- _Your assignment_:
Repeat what the lines below say, word for word, and skip every image.

- _Provided data_:
○ ○ ○ ○ ○ ○ ○
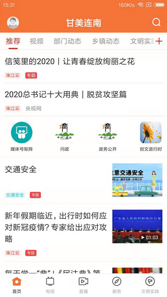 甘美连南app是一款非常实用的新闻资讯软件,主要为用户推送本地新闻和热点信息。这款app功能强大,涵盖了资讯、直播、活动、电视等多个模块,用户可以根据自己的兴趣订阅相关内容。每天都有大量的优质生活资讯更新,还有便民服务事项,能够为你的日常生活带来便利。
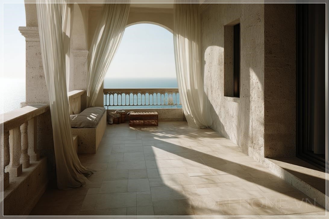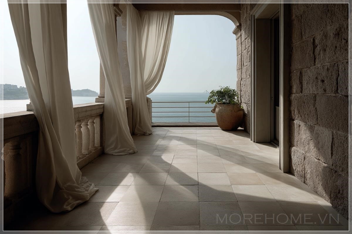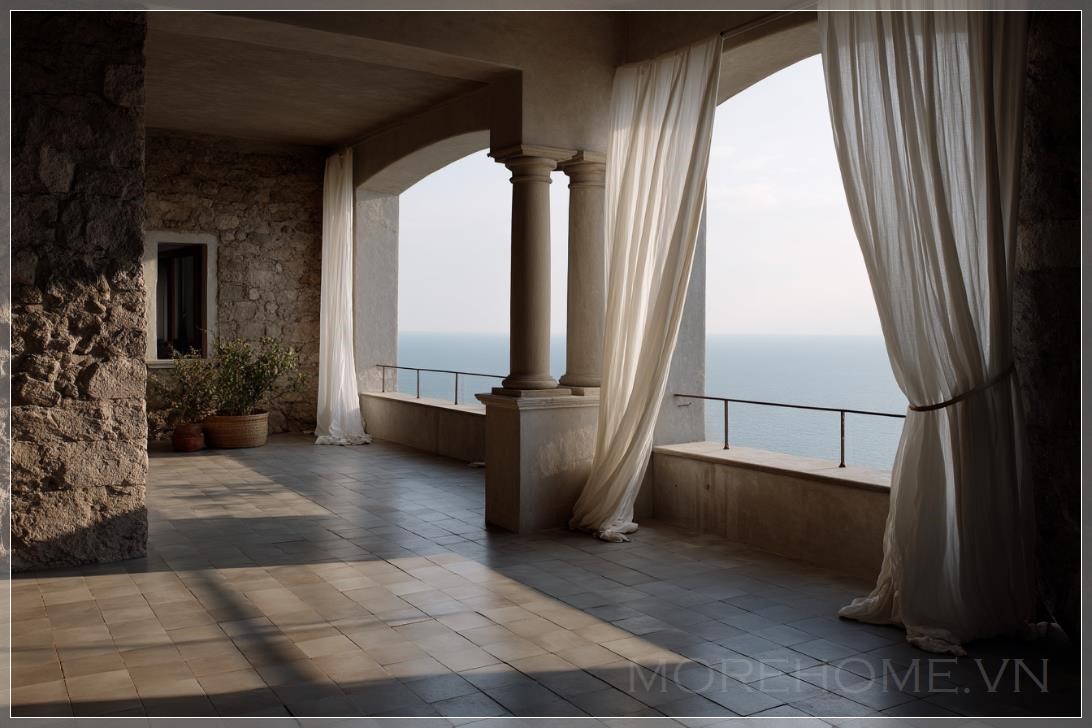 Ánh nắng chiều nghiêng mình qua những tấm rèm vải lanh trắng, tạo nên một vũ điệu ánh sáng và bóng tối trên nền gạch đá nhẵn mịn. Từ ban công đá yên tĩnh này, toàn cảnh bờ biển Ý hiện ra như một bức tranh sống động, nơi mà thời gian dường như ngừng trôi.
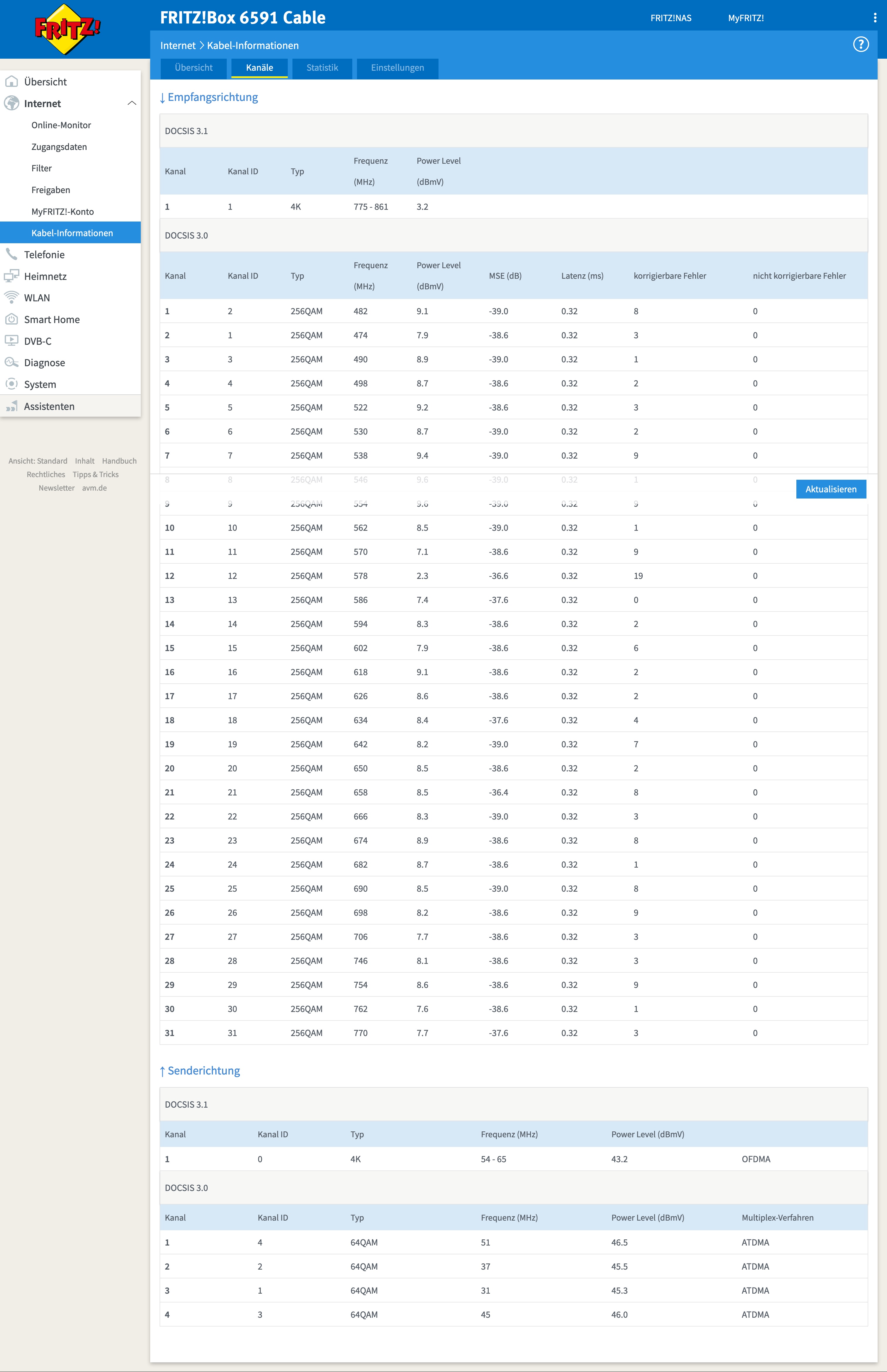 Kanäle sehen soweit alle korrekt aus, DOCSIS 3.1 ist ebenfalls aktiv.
○ ○ ○ ○ ○ ○ ○
- _Response for this exercise_:
 甘美连南app是一款非常实用的新闻资讯软件,主要为用户推送本地新闻和热点信息。这款app功能强大,涵盖了资讯、直播、活动、电视等多个模块,用户可以根据自己的兴趣订阅相关内容。每天都有大量的优质生活资讯更新,还有便民服务事项,能够为你的日常生活带来便利。
 Ánh nắng chiều nghiêng mình qua những tấm rèm vải lanh trắng, tạo nên một vũ điệu ánh sáng và bóng tối trên nền gạch đá nhẵn mịn. Từ ban công đá yên tĩnh này, toàn cảnh bờ biển Ý hiện ra như một bức tranh sống động, nơi mà thời gian dường như ngừng trôi.
 Kanäle sehen soweit alle korrekt aus, DOCSIS 3.1 ist ebenfalls aktiv.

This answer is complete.